I have now been watching the weather for 1 month.
It hasn’t stopped raining.
More walks in the Lake District
The Lake District really is a walkers paradise, and you will never find yourself short of trails to walk on. You will probably have more trouble narrowing it down.
You could check out the
Update: I made it back and have a couple more Ambleside walks for you.
Ambleside to Sweden Bridge circular walk – A short one at 3miles, but it takes you very uphill to an ancient bridge and you are also rewarded with stunning views.
Ambleside Waterfall walk – Even shorter, and a little bit touristy. You get to see some waterfalls. I wouldn’t go out of my way for this one, but its a good time filler if you are in the area.

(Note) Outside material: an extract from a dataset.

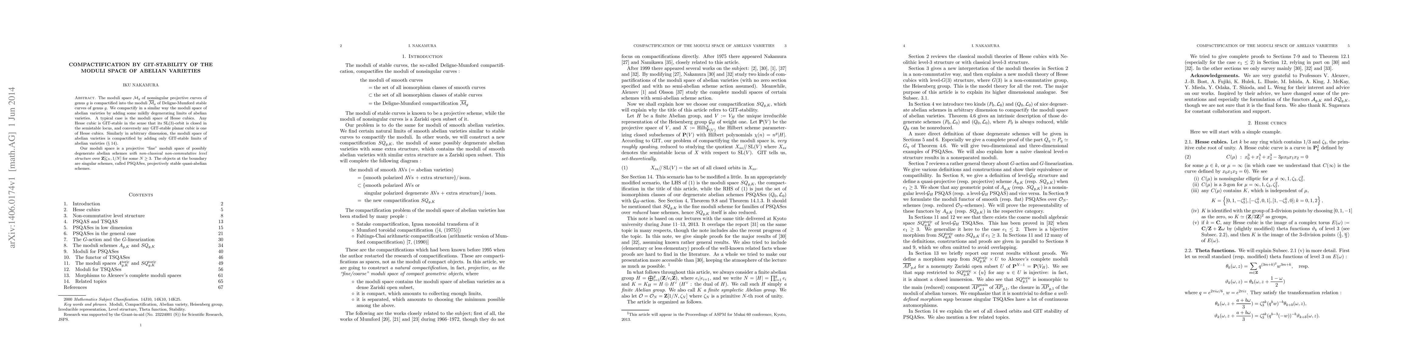 The moduli space $\cM_g$ of nonsingular projective curves of genus $g$ is compactified into the moduli $\bcM_g$ of Deligne-Mumford stable curves of genus $g$. We compactify in a similar way the moduli space of abelian varieties by adding some mildly degenerating limits of abelian varieties. A typical case is the moduli space of Hesse cubics. Any Hesse cubic is GIT-stable in the sense that its $\SL(3)$-orbit is closed in the semistable locus, and conversely any GIT-stable planar cubic is one of Hesse cubics. Similarly in arbitrary dimension, the moduli space of abelian varieties is compactified by adding only GIT-stable limits of abelian varieties. Our moduli space is a projective "fine" moduli space of possibly degenerate abelian schemes {\it with non-classical non-commutative level structure} over $\bZ[\zeta_{N},1/N]$ for some $N\geq 3$. The objects at the boundary are singular schemes, called PSQASes, projectively stable quasi-abelian schemes.

More recent walks I have done are:
Walla Crag, which is a great walk if you dont have all day but want a little bit of hard work and great views. If you want a good challenge, then you could try out the Old Man of Coniston walk loop. The views on this one are some of my favourite.
If you want to see Rydal Cave without the massive slog, then you could try this Rydal Water circular walk. It’s much shorter and easier.
Alternatively, if you would like more walking ideas and tips, then this Lake District website has lots of info.
6 comments
Love this lots
thank you 🙂
Hello, what month did you do This walk ? Sorry for my english, I’m french and I don’t speak english. Your photograhies are very beautiful.
Hi Vega, ooh, it was a while ago, but I think it was autumn/winter time. An d thank you 🙂
Thank you, looks like an awesome walk and also one that would give you a very good nights sleep later on!